The ability of myofibroblasts to sense their environment and trigger apoptosis is a key part of the tissue regeneration process

The ability of myofibroblasts to sense their environment and trigger apoptosis is a key part of the tissue regeneration process. “During normal tissue repair, changes in the biophysical properties of the extracellular matrix lead to increased mitochondrial priming in myofibroblasts, making them highly susceptible to apoptosis,” explains John Varga, who was not involved in this study. “A reduction in matrix stiffness, which occurs as the repair is completed, leads to the rapid elimination of these cells. When injury leads to a fibrotic scar, continued mechanosignalling leads to accumulation of pro-survival proteins, which prevent the myofibroblast from undergoing apoptosis. The persistent survival of activated myofibroblasts in turn leads to persistent matrix accumulation and unresolving fibrosis,” says Varga.

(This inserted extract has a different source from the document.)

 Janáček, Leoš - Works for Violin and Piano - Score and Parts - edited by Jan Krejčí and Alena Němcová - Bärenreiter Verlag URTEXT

Using a technique known as a BH3 profiling assay, in which the relative expression of multiple pro-apoptotic and anti-apoptotic factors are measured simultaneously, Lagares and colleagues identified the pro-survival factors necessary for the persistence of myofibroblasts in fibrotic tissue. “Mitochondria in activated myofibroblasts, but not quiescent fibroblasts, are primed by death signals such as the pro-apoptotic protein BIM, which creates a requirement for tonic expression of the anti-apoptotic protein BCL-xL to sequester BIM and ensure myofibroblast survival,” says Lagares. “In this 'primed for death' state, myofibroblasts become particularly susceptible to apoptosis induced by 'BH3 mimetic' drugs that inhibit BCL-xL, such as ABT-263.”

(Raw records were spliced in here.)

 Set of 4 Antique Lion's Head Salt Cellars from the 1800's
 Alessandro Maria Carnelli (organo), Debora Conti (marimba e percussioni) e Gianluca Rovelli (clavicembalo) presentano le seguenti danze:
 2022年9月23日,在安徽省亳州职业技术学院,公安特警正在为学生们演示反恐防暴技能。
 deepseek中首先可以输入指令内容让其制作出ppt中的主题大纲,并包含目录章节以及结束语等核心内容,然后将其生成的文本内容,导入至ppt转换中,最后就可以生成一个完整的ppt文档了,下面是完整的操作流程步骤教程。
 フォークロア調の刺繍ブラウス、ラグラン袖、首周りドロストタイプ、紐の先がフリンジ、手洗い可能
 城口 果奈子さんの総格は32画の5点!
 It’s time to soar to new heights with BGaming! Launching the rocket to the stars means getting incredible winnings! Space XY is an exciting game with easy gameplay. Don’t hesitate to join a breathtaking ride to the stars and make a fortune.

To test this theory, the researchers examined the effects of ABT-263 in mice with bleomycin-induced dermal fibrosis. Once-daily oral administration of ABT-263 reduced established fibrosis after 28 days of treatment in this model compared with vehicle-treated animals. Histology of skin sections revealed a 74% reduction in the number of myofibroblasts in fibrotic skin at day 28 from mice treated with ABT-263 compared with vehicle-treated mice.

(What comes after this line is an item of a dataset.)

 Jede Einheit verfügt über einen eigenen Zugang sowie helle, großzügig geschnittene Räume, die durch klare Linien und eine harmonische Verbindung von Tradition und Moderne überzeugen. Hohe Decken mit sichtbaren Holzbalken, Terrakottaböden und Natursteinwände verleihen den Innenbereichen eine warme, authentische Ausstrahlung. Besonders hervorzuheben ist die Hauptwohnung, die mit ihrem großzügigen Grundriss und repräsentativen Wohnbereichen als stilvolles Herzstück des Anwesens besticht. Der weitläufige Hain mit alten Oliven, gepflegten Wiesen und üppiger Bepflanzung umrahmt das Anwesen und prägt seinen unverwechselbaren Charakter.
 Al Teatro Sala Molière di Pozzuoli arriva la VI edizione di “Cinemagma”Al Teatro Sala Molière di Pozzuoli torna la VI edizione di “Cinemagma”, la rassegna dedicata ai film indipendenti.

Interestingly, when the researchers performed BH3 profiling assays on fibroblasts from patients with SSc, they discovered interpatient variation with respect to the predominating anti-apoptotic BCL-2 family member proteins in these cells, suggesting that a personalized approach might be required to target apoptosis with BH3 mimetic drugs in patients with SSc. “Of note, these studies were performed with ex vivo serially passaged skin fibroblasts in culture,” warns Varga. “So, although the clinical relevance of the findings is still uncertain, future work might further validate the predictive value of BH3 profiling as a precision medicine tool in scleroderma, and further explore the safety and specificity of targeting activated myofibroblasts via disrupting mitochondrial priming,” he concludes.